START PROVIDED RECORDS
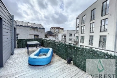 Découvrez cet appartement 2 chambres de plus de 100m2 complètement rénové en 2025. Le hall d'entrée vous mène dans le séjour de plus de 50m2 ave la cuisine ouverte et son ilot central. Des espaces de rangement faisant office d'arrière cuisine et buanderie son judicieusement camouflés dans l'espace. Coté nuit, une suite master (14m2) avec salle de douche, toilette et dressing. Une seconde chambre (10m2) dispose d'une salle de douche séparée et d'une toilette invité. L'appartement dispose d'un jardin privatif de 20m2 en facade avant. Provision de charges de 140€/mois couvrant l'entretien des communs, la provision de chauffage et d'eau chaude. Emplacement de parking extérieur pour 100€/mois. PEB C+ Disponible immédiatement! En savoir plus ?
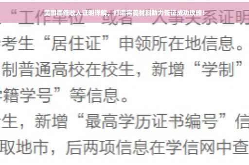 摘要:本文将详细介绍美国面签收入证明的重要性以及如何打造完美的收入证明材料以助力签证成功。本文将指导读者了解如何正确开具美国面签收入证明,包括必要的格式、内容和注意事项。通过阅读本文,读者可以了解如何准备充分的材料,以增加签证成功的几率。
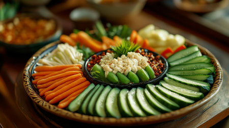 A vibrant fresh vegetable platter with a variety of colorful vegetables and a delicious dipping sauce, perfect for healthy snacking or appetizers.
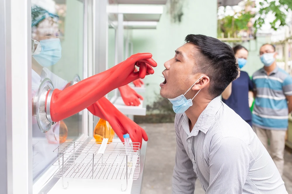 Các y bác sĩ tại Trung tâm Kiểm soát Bệnh tật Đà Nẵng sử dụng hệ thống phòng áp lực dương kháng khuẩn thực hiện lấy mẫu bệnh phẩm. ẢNH: SCG
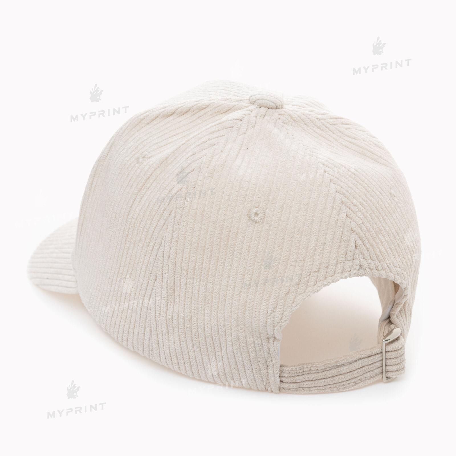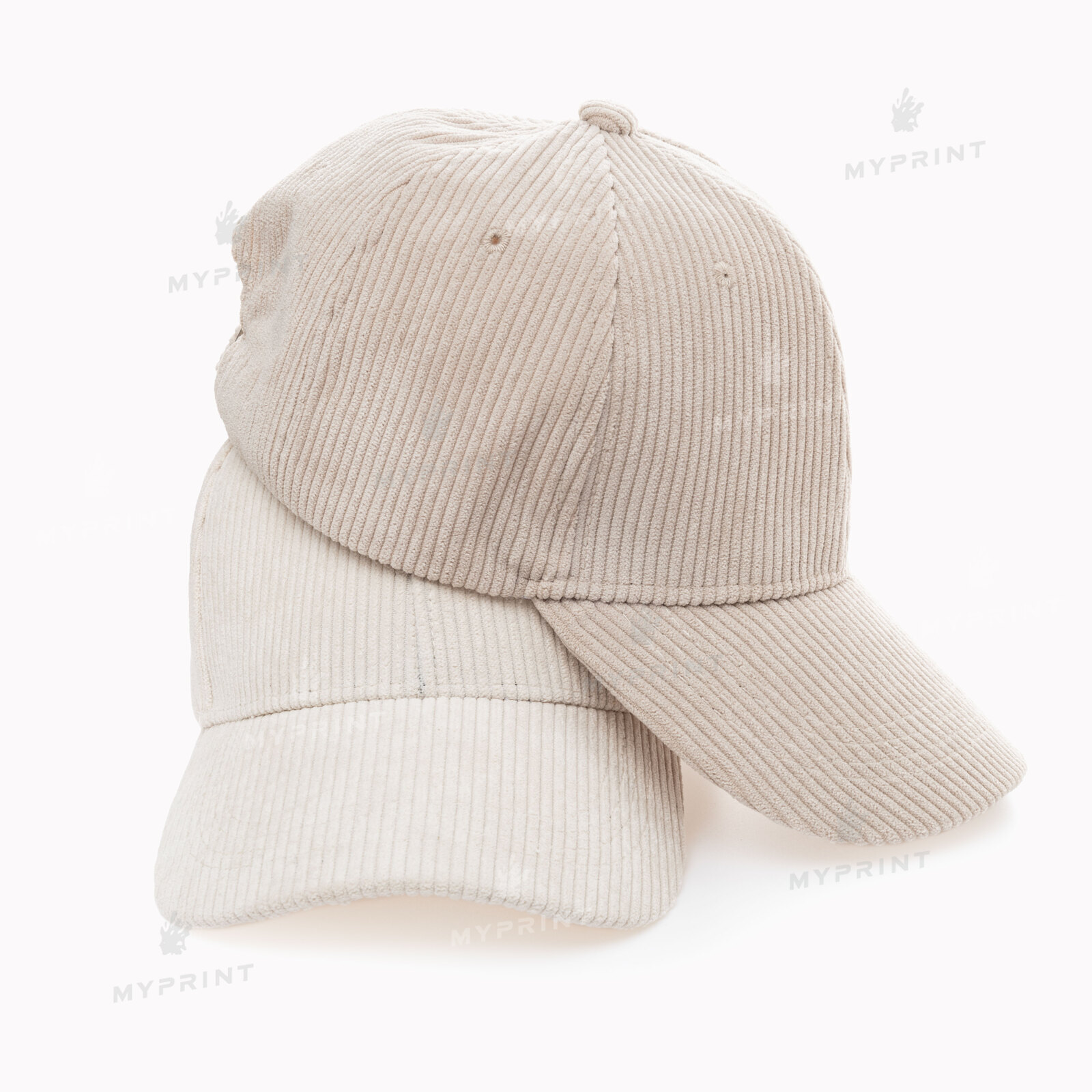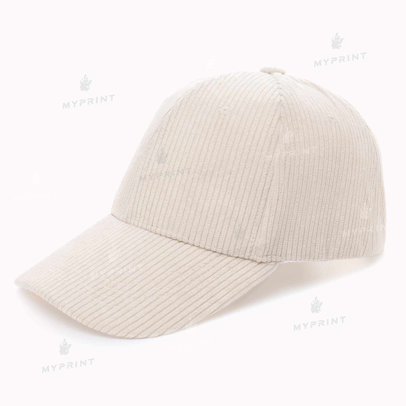 The process is complete. Corduroy white six-bladed cap is now not just a blank, but a finished product with a unique image or photo.
END PROVIDED RECORDS
AIM OF THE TASK: Starting with the line that holds "A vibrant fresh", return each line exactly through the final line of the entries above; pictures are not part of the output.

COMPLETED TASK:
 A vibrant fresh vegetable platter with a variety of colorful vegetables and a delicious dipping sauce, perfect for healthy snacking or appetizers.
 Các y bác sĩ tại Trung tâm Kiểm soát Bệnh tật Đà Nẵng sử dụng hệ thống phòng áp lực dương kháng khuẩn thực hiện lấy mẫu bệnh phẩm. ẢNH: SCG
 The process is complete. Corduroy white six-bladed cap is now not just a blank, but a finished product with a unique image or photo.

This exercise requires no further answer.